Technical Issues

Thanks to the rapid growth in network bandwidth and connectivity, networks and distributed systems have become critical infrastructures that underpin much of today’s Internet services. However, networks are highly complex, dynamic and time-varying systems, such that the statistical properties of networks and network traffic cannot be easily modeled. In the last few years, the journey of networks to get highly automated and more operationally efficient is being driven by both the academia and the industry. Network automation requires i) smart network components and ii) an efficient orchestration of the decisions taken by the Artificial Intelligence (AI)/Machine Learning (ML) models adopted. Although there are many smart network elements that came up in the last few years with enhanced capabilities, i.e., adopting ML techniques such as Deep Reinforcement Learning (DRL) to provide smart congestion control, an improved traffic classification and prediction, etc., such capabilities are exploited individually as per-device. However, a correct orchestration of such smart devices in terms of protocols and architectural designs, without impacting the network performance, is required to achieve an efficient step toward network automation. The provisioning of intelligence to computer networks results in many benefits, such as the ability of taking decisions before critical events happen (e.g., link faults, router malfunctioning) or adapting the network configuration according to traffic prediction in order to improve the network performance. However, from the application of AI/ML techniques to networking, several questions such as the following ones emerge:

  1. Is the network operating correctly after the application of the AI/ML techniques? Is it robust? Does it make fair decisions?
  2. What is the impact of a wrong decision? What is the reduction in the network performance derived from such wrong decision?

Furthermore, the training process of AI/ML techniques and the real world need to be aligned. The training process is normally done on simulation environments and its reproducibility on even slightly different scenarios impacts the accuracy of the predictions. In this sense, several issues need to be addressed:

  1. What is the cost of getting a highly accurate AI/ML model? The best accuracy when defining an ML model is desired, but it presents a tremendous burden on the infrastructure, both on the computing side and on the data side.
  2. Which is the environmental cost (in terms of the carbon footprint) impact of training and re-training the ML models because of the data drift issue? Sustainability of AI/ML solutions is an important challenge to be tackled.
  3. Is it really necessary to apply a supervised model with a very big number of features? Or a simplification in the model by using, e.g., an unsupervised model would achieve similar results and a reduction in the computational complexity?
  4. Is it possible to train on edge devices due to the high complexity of large models? Hierarchical models can be used to reduce the overall overhead and the memory bottlenecks.

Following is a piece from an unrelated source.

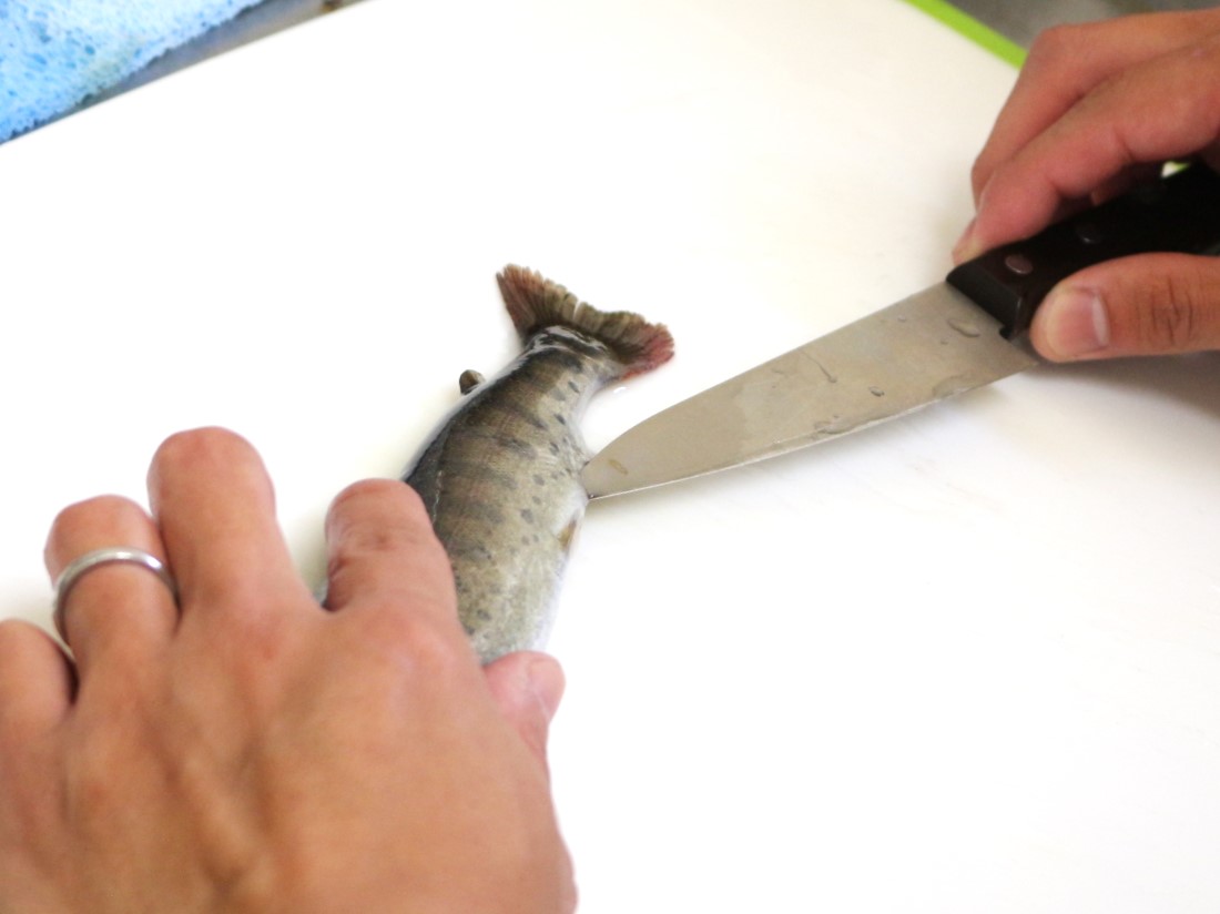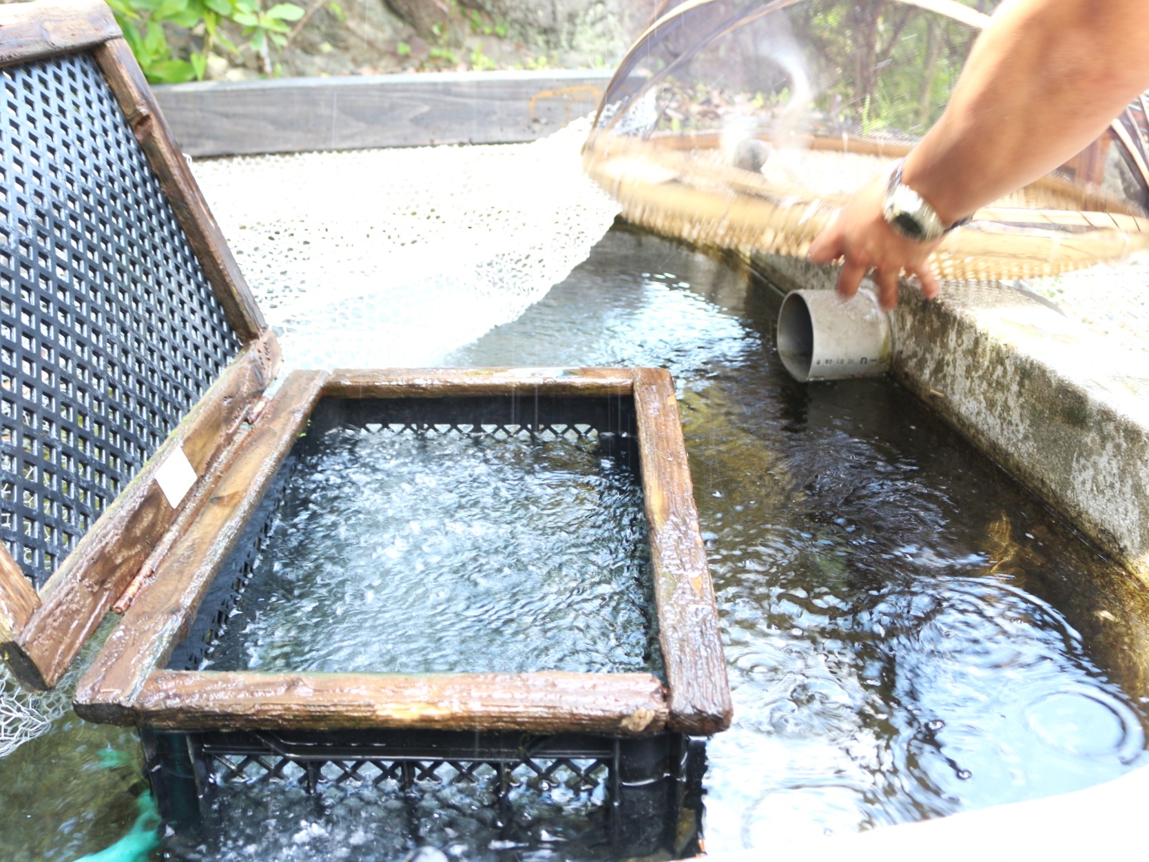 山女魚は、お店にある生け簀で泳いでいるものをその日に捌くので新鮮そのもの。その様子を見せてもらいました。
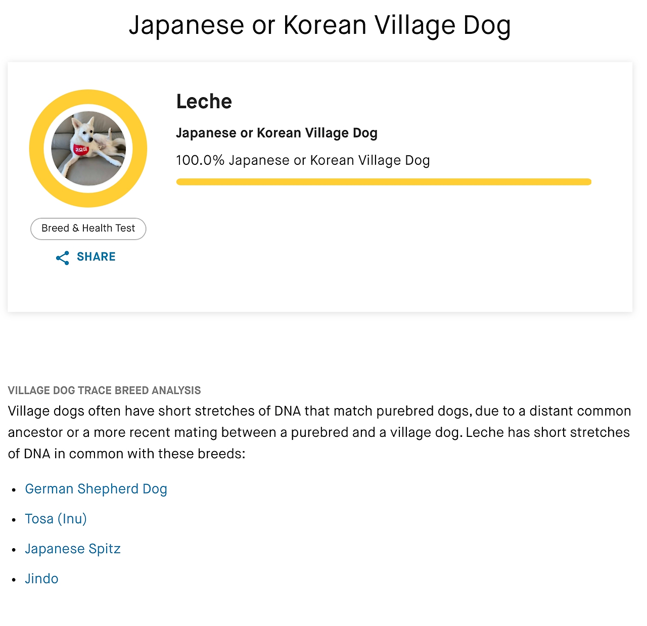 레체가 진도, 스피츠, 셰퍼드 그리고 도사견의 피가 흐르고 있다는 것은 흥미로운 수확이었지만 어쨌거나 레체는 100% 한국 시골개, 즉 시고르잡종이라는 결론은 조금 힘 빠지는 것이기도 했다.

The 3rd IPSN workshop aims to shed light to all these questions and other that will come up from the participants. The extensive experience of NOMS/IM community on network operations and optimization is an invaluable to our research efforts to identify opportunities to improve the management of computer networks when AI/ML techniques are applied, while maintaining a consistently high QoS. Indeed, the main topic of the conference, ”Towards intelligent, reliable, and sustainable network and service management”, perfectly fits the main goal of the proposed workshop. By exploiting AI/ML techniques, it is possible to act in advance when data gathered from softwarized networks suggest potential performance degradation, hence providing resilience to the network and to the services deployed on it.